Airam Hernández (Federico García Lorca) y Borja Quiza (Vicente Aleixandre) en primer plano
© Javier del Real | Teatro Real
No tuvieron tanto protagonismo las voces de Alfonso, Manuela y Setefilla –interpretados por Mikeldi Atxalandabaso, Magdalena Aizpurua y Ana Ibarra respectivamente– ya que la historia de su triángulo amoroso no se terminó de entender y la propuesta escénica estática hasta la médula no ayudó a ello. Sin embargo, nos dejaron momentos reseñables como el dúo final entre Atxalandabaso e Ibarra. También en otros números de conjunto brilló la pluma de De Pablo mucho más sobresaliente que en los momentos solistas. Es excelente el motete que se escucha en el entierro de Ortega y Gasset o el inicio para coro de niños en el que consigue crear un ambiente para meter al espectador completamente en la historia.

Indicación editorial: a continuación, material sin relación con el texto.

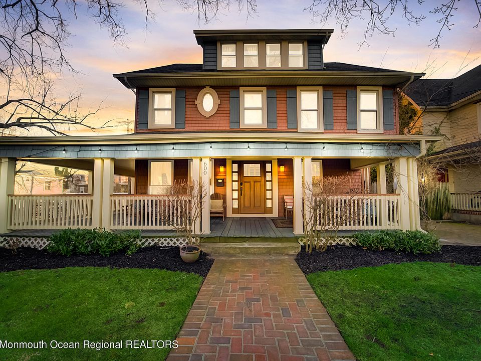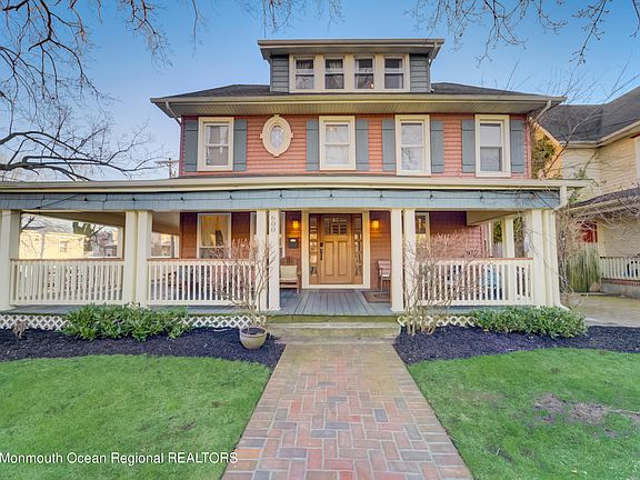 Welcome to this magnificent and inviting shore colonial that has been lovingly renovated with all of today's modern amenities while retaining its charm and character! Located just blocks from the beach, boardwalk and historic music venues sits this light and bright, 8 bedroom, 4 1/2 bath home with a wraparound porch and 3 levels of exquisite living. Upon entering through the front door you will discover warmth and charm with custom accents and wood flooring throughout. An entertainer's dream home with so much space for friends and family with an added bonus of ample income generated from regular guests. The lavish first floor features a den/piano room with a wet bar, a spacious family room with a double-sided fireplace to the large formal dining room that opens to the chef's kitchen with custom cabinets, granite countertops, stainless steel appliances, a pantry and a breakfast bar.. Sliding glass doors provide access to the private fenced-in yard- perfect for an evening BBQ! 1.5 bathrooms complete the main level. The second floor brings you to the main suite with a new designer bathroom featuring double sinks and a soaking tub. There are an additional 3 generous sized bedrooms, a full bathroom and laundry area. The third level has another 3 generous size bedrooms and a full bathroom. Conveniently located with easy access to major roadways and the train station, just blocks to the many restaurants, music venues, boardwalk and fabulous beach!!
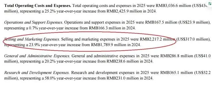 另一边,销售与营销费用占总运营费用比重达73%,意味着其“科技”的叙事也只是靠流量来驱动。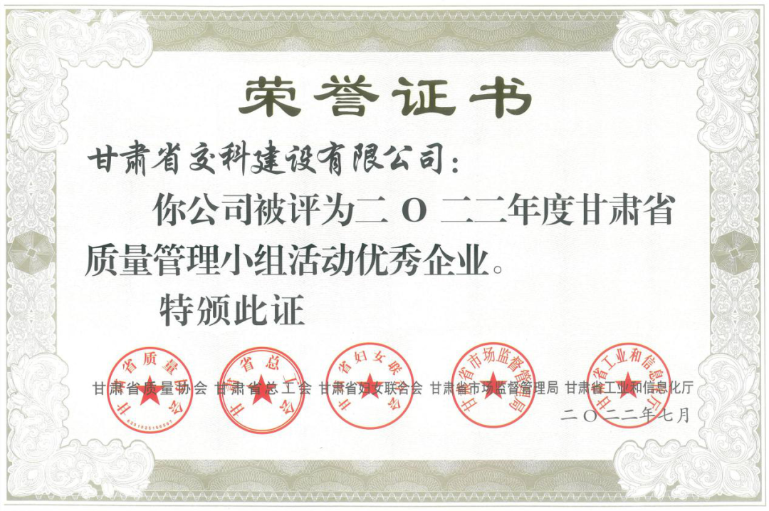 截至目前,交科公司连续三年荣获“甘肃省质量管理小组活动优秀企业”荣誉称号,共拥有省级QC成果特等奖2项、一等奖18项、二等奖3项。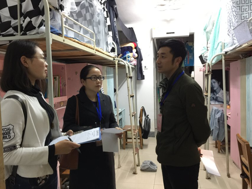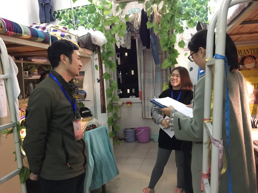 为优化万象城学生的学习生活环境,加强学生的安全防范意识,11月16日晚,马克思主义学院辅导员王艳波老师、兼职辅导员董树婷以及主要学生干部对全体本科生宿舍开展卫生安全大检查。

El tenor Mikeldi Atxalandabaso (Alfonso)
© Javier del Real | Teatro Real

He dejado, a propósito, lo mejor de la ópera para el final, que no es otra cosa que la excelente música de Luis de Pablo. La obra está repleta de variedad, pero a la vez uno siente que todo está conectado. El compositor bilbaíno usa una gran paleta de recursos para crear diferentes escenas, ambientes y sonoridades. Por ejemplo, mezcla timbres para crear sonoridades oníricas, nostálgicas o alegres a voluntad que se trasladan con precisión al oyente; incluye ritmos que nos recuerdan ora a la infancia, ora a la guerra. O, de repente, crea una escena en la que, aun usando instrumentos diferentes nos es imposible no pensar en las Saetas del silencio. En El abrecartas se puede apreciar también la maestría que Luis de Pablo fraguó poniendo banda sonora a las películas de Carlos Saura. Muchas veces podemos escuchar cómo no nos damos cuenta de que la música instrumental sigue ahí hasta que se vuelve especialmente relevante. Es un gran talento el saber destacar en ciertos momentos y en otros pasar a un segundo plano. Luis de Pablo hace gala de él en El abrecartas, pero no hubiera sido posible sin la excelente dirección de Fabián Panisello, en la que se aprecia el profundo conocimiento del director tanto de la obra como del estilo compositivo del que fuera su maestro.

En resumidas cuentas nos encontramos con una partitura excelente para un libreto que no lo es tanto. Quizás algo más de dinamismo en la dirección de escena hubiera ayudado a estar a la altura de lo que se espera de una de las generaciones más ilustres de poetas y artistas.